Q-Peak has been involved in solid-state lasers since 1985 during the time when the pumping mechanism for solid-state lasers transitioned from flash-lamps to diode lasers. Lasers based on flash-lamp pumped Neodymium-, Erbium-, Thulium-, and Holmium-doped laser materials (the Laser 1-2-3) was Q-Peak’s first product. Another early product line was based on Titanium-doped sapphire and included a cw, tunable, single-frequency laser (the Titan cw); a tunable, pulsed, Ti-sapphire laser (the Titan P); and a mode-locked Ti-sapphire laser (the Titan ML).

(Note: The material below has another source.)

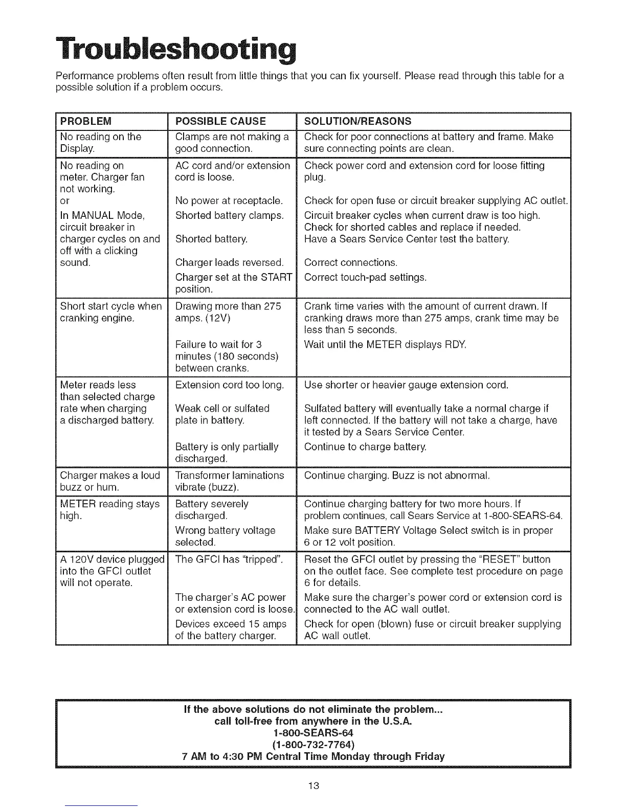 problem continues, call Sears Service at 1-800-SEARS-64.

Q-Peak is fully versed in a large range of solid-state laser media. This includes a number of rare earth ions and transition metals in a variety of laser host media. Q-Peak has particular experience with laser host media based upon Yttrium Lithium Fluoride (YLF) as higher efficiency is typically achieved with YLF versus YAG due to longer upper state lifetimes in YLF. Not included in the list below is our experience with solid-state laser media specifically in the area of ultra-fast lasers which can be found here. Link to Ultrafast Lasers
|Laser Ion||Host Media|
|Neodymium||YAG (1064 nm); YVO4 (1064 nm); YLF (1047 & 1053 nm)|
|Erbium||YLF (2810 nm); YAG (2937 nm); GGG (2821 nm); YSGG (2797 nm)|
|Thulium||YLF (1900 nm); YAG (2010 nm); YALO (1940 nm)|
|Holmium||YLF (2050 nm)|
|Ytterbium||YAG (1030 nm); S-FAP (1047 nm)|
|Chromium||YAG (1332 -1554)|
|Titanium||Al2O3 (650 – 1000 nm)|
Throughout Q-Peak’s 30-year history, we have constructed virtually every type of laser that has been developed including cw, long-pulse, and Q-switched operation. Pulsed, single-frequency lasers, tunable lasers, microchip lasers, and injection-seeded lasers are among the many types of lasers we have constructed. One of our core technologies involves multi-passing of laser media in a slab geometry that has yielded optical-to-optical efficiencies as high as 30% in a side-pumped geometry. Construction of master-oscillator/power amplifiers is one of our strengths. We also have experience with cryogenic operation of laser media such as Yb:YAG. Conversion of solid-state laser wavelengths to the UV or IR is a common requirement and is described in detail here. Link to Nonlinear Optics
While many applications for solid-state lasers have been replaced by fiber lasers, requirements of high pulse energy and low repetition rates are an area where solid-state promlasers have particular utility. Additionally, hybrid fiber laser/solid-state systems where low pulse energy amplification and waveform shaping is accomplished with a fiber-based front end and then amplified to high pulse energies with a solid-state amplifier is a marriage of the two technologies. Fiber laser pumping (with its high beam quality) also expands the usefulness and efficiency of solid-state lasers by allowing novel end-pumped geometries.